Hyperuricemia can also occur when the body does not efficiently eliminate uric acid. Kidney impairment (chronic kidney disease) is one of the main causes of gout. Similarly, acid-base changes in the body can lead to inefficient elimination of uric acid. Other conditions such as Down syndrome and hypothyroidism are other possible causes.

Hyperuricemia and gout tends to occur much earlier in men than women. In men, hyperuricemia frequently begins at puberty and gout can become prevalent around the age of 30. In women, however, hyperuricemia does not typically occur until after menopause and as a result, gout is more common around the age of 50.

Associated conditions
Although research is still ongoing, hyperuricemia and gout have been found to be associated with many other diseases. One associated condition is metabolic syndrome, which is a combination of diabetes, hypertension, and obesity. Alternately, these three conditions can also occur individually. One study found that those with gout are four times as likely to also have hypertension. Similarly, a Jordanian study found that 28.1 percent of type two diabetics in Jordan also had hyperuricemia.
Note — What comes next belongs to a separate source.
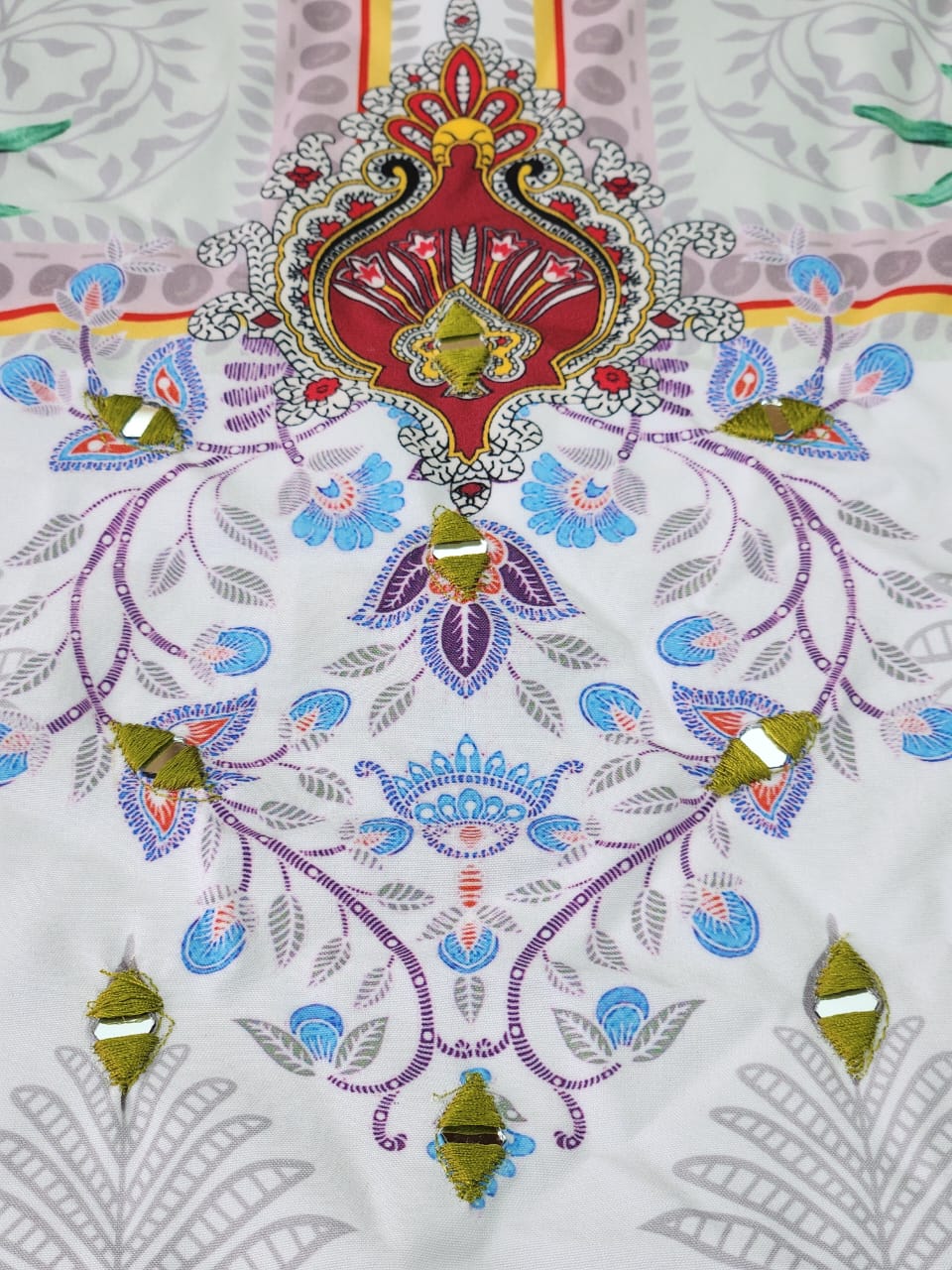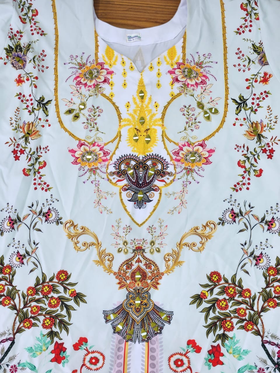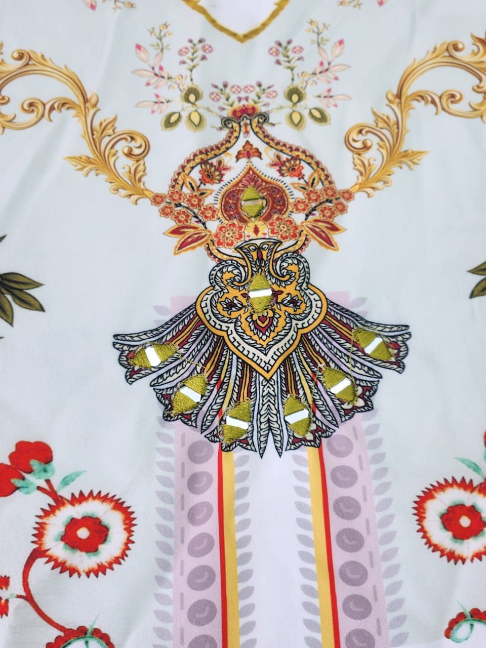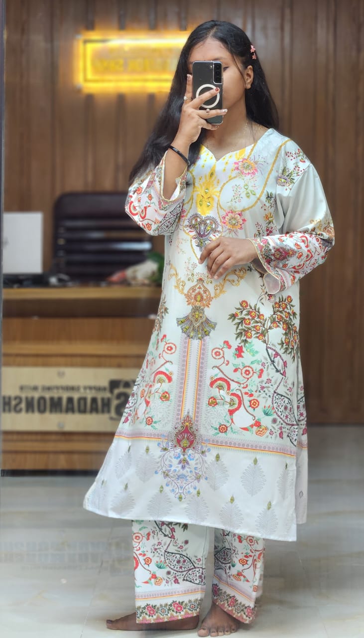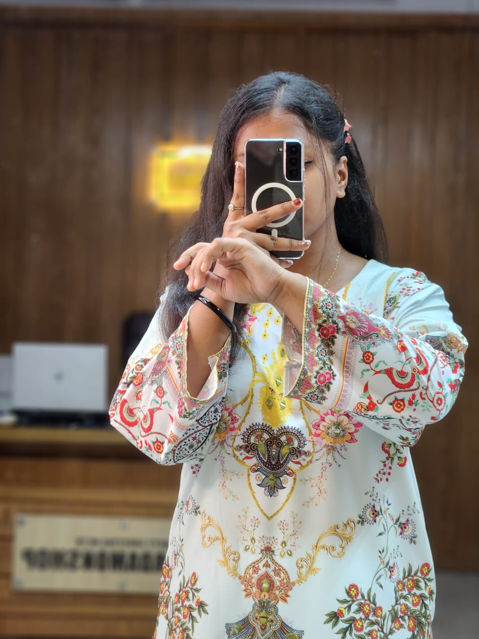🌟 White base with golden motifs & colorful florals, premium co-ords stitched with mirror work

These interrelated conditions can also increase the risk of other, more severe conditions such as heart disease and stroke. Additionally, increased uric acid levels can result in the buildup of crystals in the kidneys, with kidney stones developing in up to 20 percent of individuals. It has been proposed that kidney stones can cause damage to the kidneys and result in chronic kidney disease, however, no causative relationship has been found yet.

Prevention and pain management
Preventing hyperuricemia in the first place is the best way to prevent gout. Although it may be unavoidable due to other conditions, there are still lifestyle changes that can help. Diet plays a significant role in hyperuricemia and heavy consumption of purine-rich foods should be avoided. (For those with hyperuricemia and gout, these foods should be avoided altogether.) Additionally, hyperuricemia is associated with metabolic syndrome. This means that taking measures to prevent obesity, hypertension, and diabetes reduce your risk of developing gout. Exercising regularly, consuming a healthy diet, and managing your body weight are all important ways to live a healthy life and prevent these conditions.

Those who already have gout should focus on lowering uric acid levels and managing flare-ups. Uric acid levels can be lowered via lifestyle changes as well as various medications. Additionally, applying an ice pack, avoiding pressure, and elevating the affected joint may help. During an attack, managing the pain is another good strategy. The use of nonsteroidal anti-inflammatory drugs (NSAIDs) helps to reduce inflammation in the joints. NSAIDs are the easiest form of pain management, since they are effective and are often available over-the-counter. However, they may not be suitable for all people. Those older than 65 and those who have a history of kidney impairment, liver impairment, or bleeding issues should speak to their doctors first before taking these medications.